Home

Short Description

Abspieler provides you with the ability to retrieve data from foreign web sites in an easy, but flexible way, even if the data is spread across a multiplicity of documents and even if those documents are dynamically built. Abspieler supports HTTP as well as HTTPS, GET as well as POST (even in conjunction with parameters), relocations (even META refreshs) and referrers. And it's automatically managing cookies!

Download latest Version (Version 0.0.174; 10/Dez/2007)

Prerequisites

To use Abspieler, you need the following libraries: The easiest way to install them is to download the Jar files from the given web sites and put it into the directory "lib/ext" of your Java installation.

More resources

Background

Abspieler is using the same elements as a normal Browser:

Simple usage

Abspieler is a powerful and flexible tool, but it's also easy to use for beginners.
  1. Import Abspieler:

    import de.intags.abspieler.*;

  2. Open the browser:

    Browser browser = new Browser();

  3. Open the first window (you can open as many windows as you want, that's why they need a name):

    Window window = browser.newWindow("MyBrowserWindow");

  4. Create the first document class and make it point to an URL:

    Document document = window.newDocument("http://www.intags.de/abspieler/demo/demo1.html");

  5. Retrieve the document:

    document.retrieve();

  6. Use the data:

    System.out.println(document.getResponse().getContent());
Addition: Most of the methods might throw an AbspielerException, so your own methods have to catch or throw them, too.

Example:

package YourOwnPackage;

import de.intags.abspieler.*;

public class Demo1 {
	public static void main(String[] args) throws AbspielerException {
		Browser browser = new Browser();
		Window window = browser.newWindow("MyBrowserWindow");
		Document document = window.newDocument("http://www.intags.de/abspieler/demo/demo1.html");
		document.retrieve();
		System.out.println(document.getResponse().getContent());
	}
}	

Expectations

If you want to retrieve data from a website, you expect this data to be in a certain context. The data must have a special format, must be embedded in a website with a certain title or content, etc. So only web pages that match your expectations can contain the data you're looking for.

For example: If you're looking for stock quotes, you might expect the stock quotes to be on a page with a title containg the word "quote", and the stock quote has to be in a certain format, maybe a table with the ISIN on the left and the price on the right, for example this one: http://www.intags.de/abspieler/demo/demo2.html. So, you are looking for HTML code similar to:

		<tr>
			<td>DE12345678</td>
			<td>Expensive Inc.</td>
			<td>538.34</td>
		</tr>

Pages that are not matching those expectations are not interesting to you. Normally, you don't want to analyze them. But if a page matches, you can retrieve the data very simple using methods of Abspieler.
If you also want to analyze pages that don't match your expectations, you can do that by simply analyzing the complete response content (see above).

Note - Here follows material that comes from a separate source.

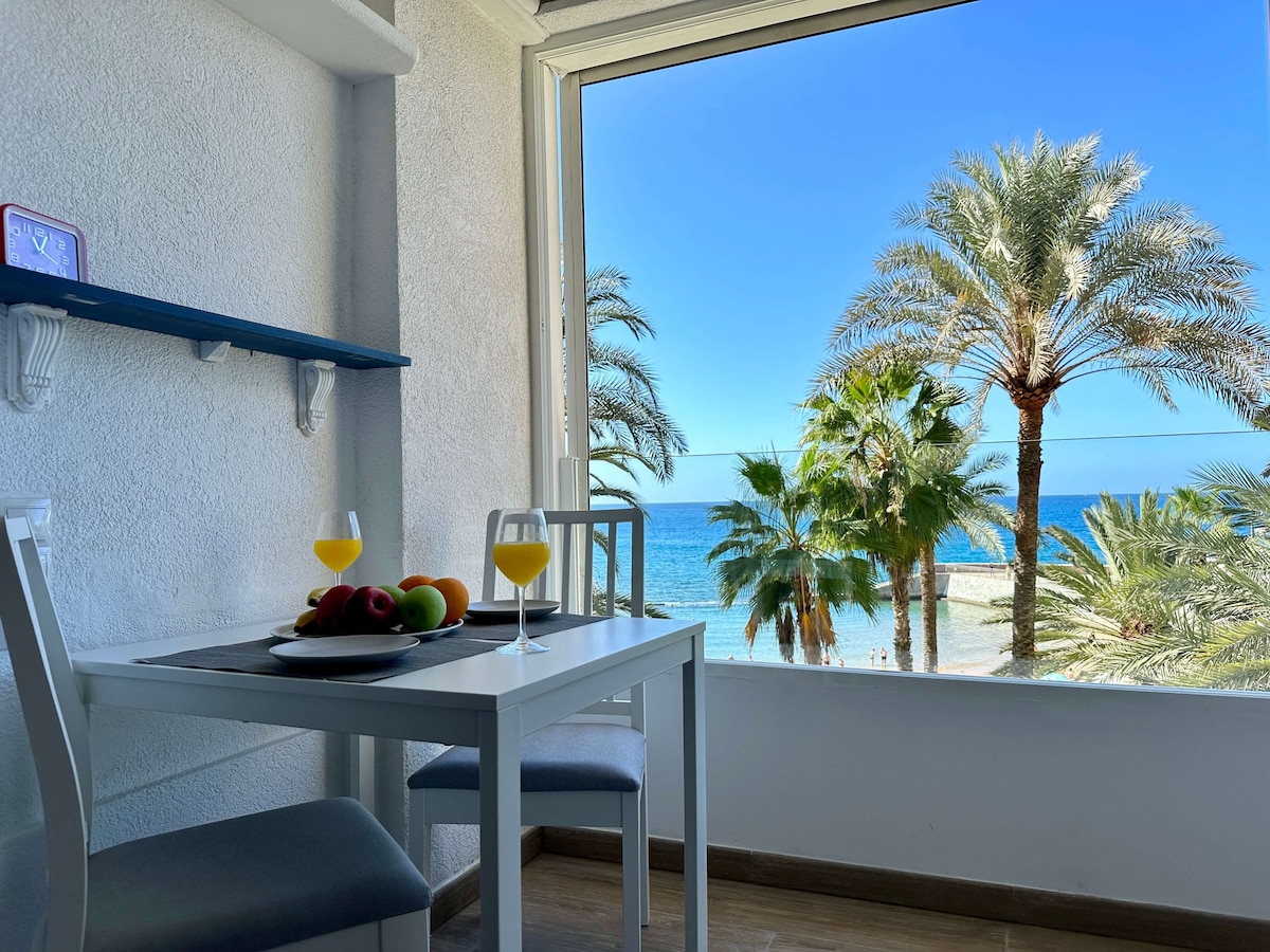 L'apartament estudi completament reformat es troba al quart pis i tens una vista fantàstica de la platja i la piscina natural. L'apartament ofereix tot el que necessites per gaudir d'unes vacances relaxants: Cuina petita ben equipada amb microones, televisor intel·ligent, rentadora. Les grans finestres corredisses de vidre donen una gran sensació d'obertura al mar. La millor ubicació per a les teves vacances relaxades o per explorar l'illa.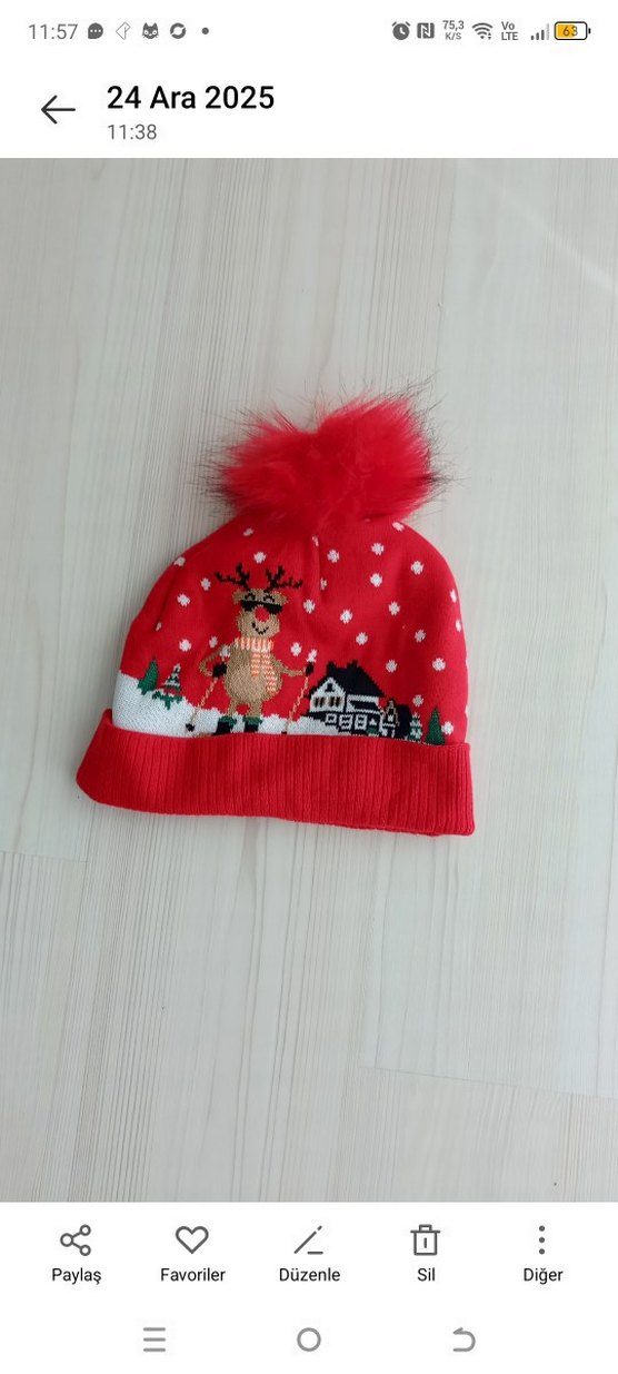 Kırmızı renkli, örgü kadin bere, üzerinde geyik ve ev desenleri bulunur, üstünde yumuşak ponpon vardır.

  1. Prepare the application as before:

    Browser browser = new Browser();
    Window window = browser.newWindow("MyBrowserWindow");
    Document document = window.newDocument("http://www.intags.de/abspieler/demo/demo2.html");

  2. Define your expecations. You don't have to use all of them, only the ones that you really want:

    Expectation expectation_quotes = new Expectation("QuotesExpectation");

    // Make sure that there was no error while retrieving this page.
    expectation_quotes.addPossibleStatus(200);

    // Make sure that this page has the correct content type. You can check for any header you like.
    expectation_quotes.addNeededHeader("Content-type", "text/html");

    // Only pages with the word "quote" in the title are relevant.
    // The first argument is the name that you will need for getting the data.
    // This has to be a regular expression including all HTML tags.
    expectation_quotes.addNeededContent("title", "<title>.*quote.*</title>");

    If you don't know how to use regular expressions, read the SUN tutorial.

  3. Define what you are looking for. It's no big difference to the one before. But if you have a closer look on the regular expression, you will recognize, that there are round brackets. Round brackets have a special meaning in regular expressions. The content of a round bracket can be retrieved more easily. See next steps for details.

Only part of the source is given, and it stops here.